Laser Science and Technology Centre (LASTEC) is a laboratory of the Defence Research & Development Organization (DRDO). Located in Delhi, it is the main DRDO lab involved in the development of Lasers and related technologies. LASTEC functions under the DRDO Directorate of Electronics & Computer Science.

History 

LASTEC is the oldest laboratory in DRDO. It was established in 1950 as Defence Science Laboratory (DSL) which was a nucleus laboratory with the objective to conduct research in frontier areas of physics, chemistry and mathematics with a special focus on lasers and opto-electronics. On 9 April 1960, DSL was shifted to Metcalfe House and inaugurated by then Defence Minister V. K. Krishna Menon, in the presence of Pt. Jawaharlal Nehru. Its first Director was S. P. Chakravarti, the father of Electronics and Telecommunication engineering in India, who later founded LRDE, DRDL and DLRL.

With time, many of DSC activities were given to newly formed, specialized DRDO laboratories. DSL served as a precursor for as many as 15 present DRDO labs, including DRDL, SSPL, INMAS, FRL, ISSA, DESIDOC, DIFR, SAG, ITM etc.

In 1982, the Laboratory moved to a new technical building in Metcalfe House complex and was renamed as Defence Science Centre. The centre consolidated its R&D activities towards more specific and application oriented areas, such as liquid fuel technology, spectroscopy, crystallography, system engineering, biotechnology etc. DSL now started concentrating in the area of Pure Sciences such as Physics, Chemistry and Mathematics. The chemistry division developed G-fuel and UDMH for rockets and missiles. The Mathematics division conducted simulation and calculations related to the missile program, while the Physics division took the lead by launching many activities.
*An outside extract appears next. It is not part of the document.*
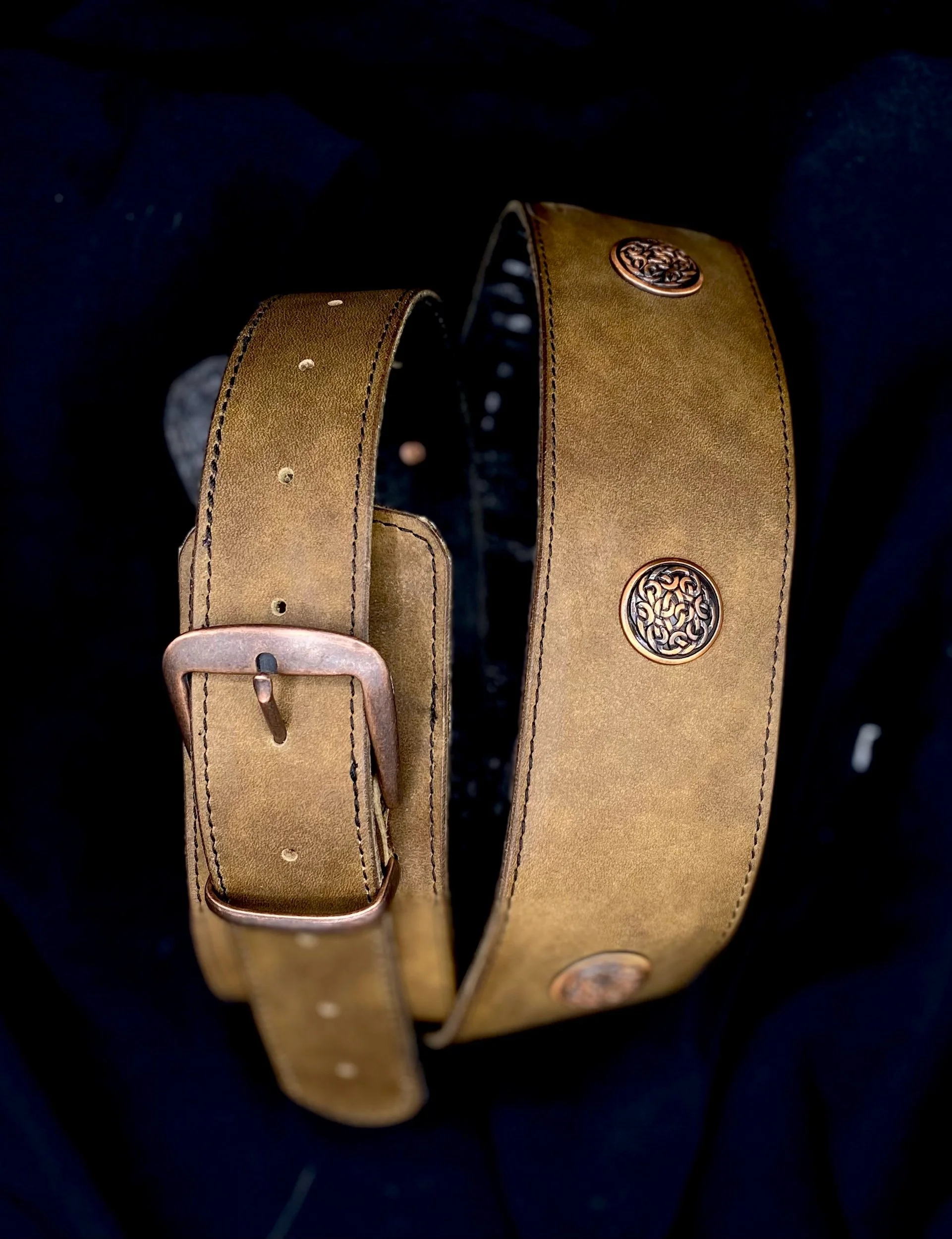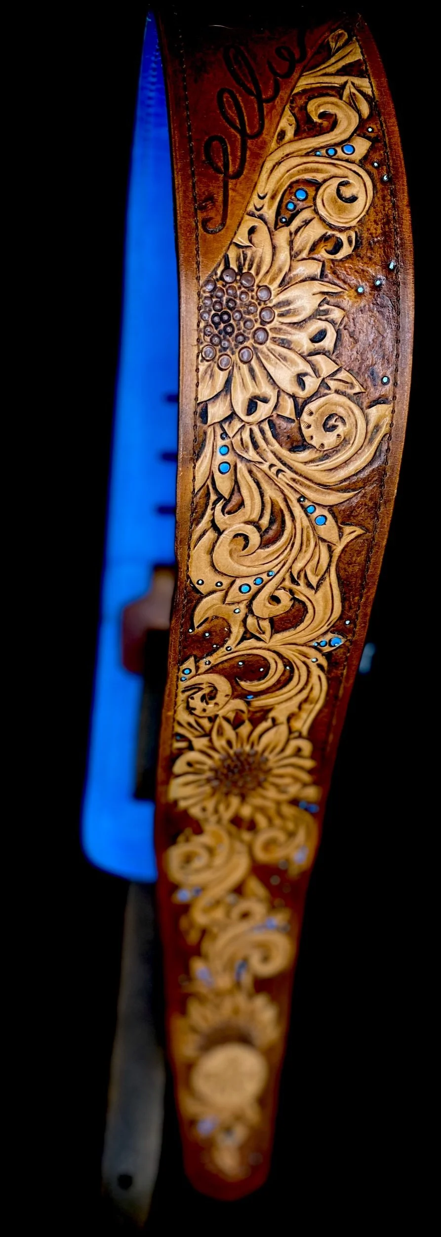 Leather guitar straps with light memory foam padding at shoulder. These are custom art tooled leather, drawn, dyed, painted and finished by hand.
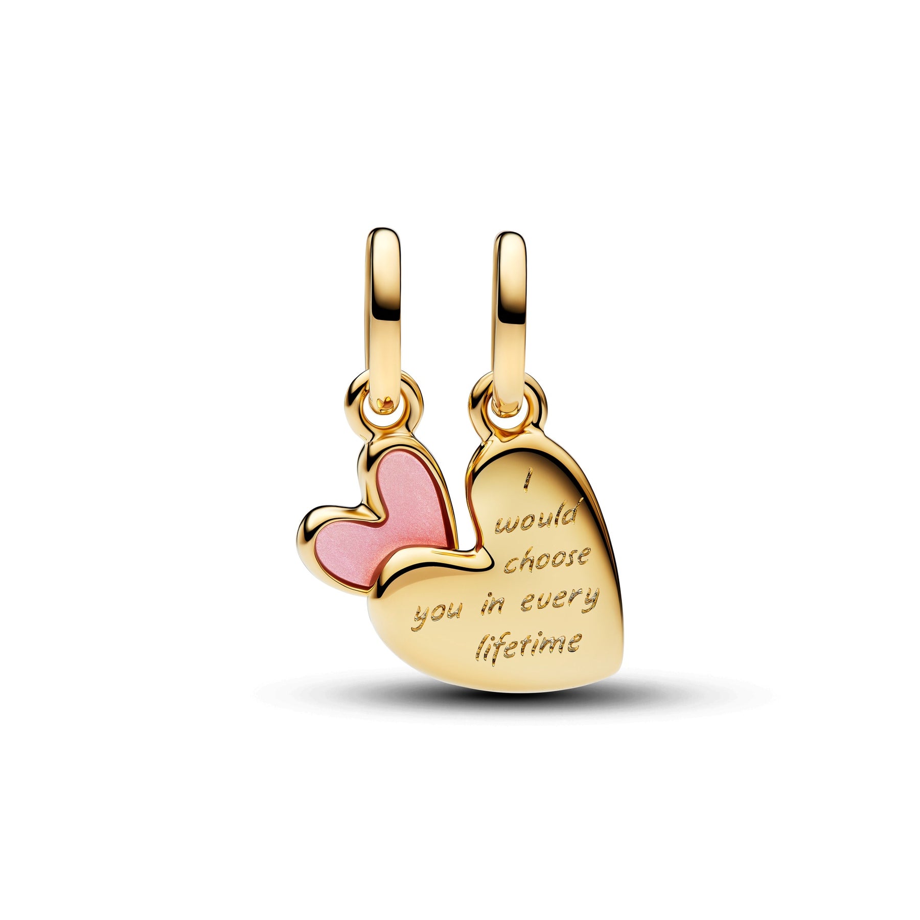 Celebrate the bonds between mothers and daughters. Crafted in 14k gold plating with pink bioresin man-made mother of pearl, it features the engravings 'mother', 'daughter' and 'I would choose you in every lifetime'.

DSC was also given a new charter of duties with its major thrust on LASERS. Intensive work commenced on Solid-state lasers, Carbon dioxide lasers, ALARM, laser rangefinder, Fibre Optic Gyroscope, Ring laser gyroscopes, Laser Intruder Alarm systems, etc. In 1986, the centre was made responsible for the development of high power lasers for Defence applications as one of its major missions. The lab was renamed LASTEC on 1 Aug 1999 to emphasize its core focus of Laser technology. As of 2020, LASTEC is no longer functional or act as an independent laboratory. All the staff members are transferred to DRDO labs in Hyderabad.

Areas of Work 
LASTEC's primary focus is the research and development of various laser materials, components and laser systems, including High Power Lasers (HPL) for defence-applications. The main charter of the lab revolves around progressing in areas of Photonics, Electro-Optic Counter Measures (EOCM), low and High Power Lasers (HPL). LASTEC also develops and delivers directed energy weapon systems for the Indian Armed Forces, based on High-power laser technology.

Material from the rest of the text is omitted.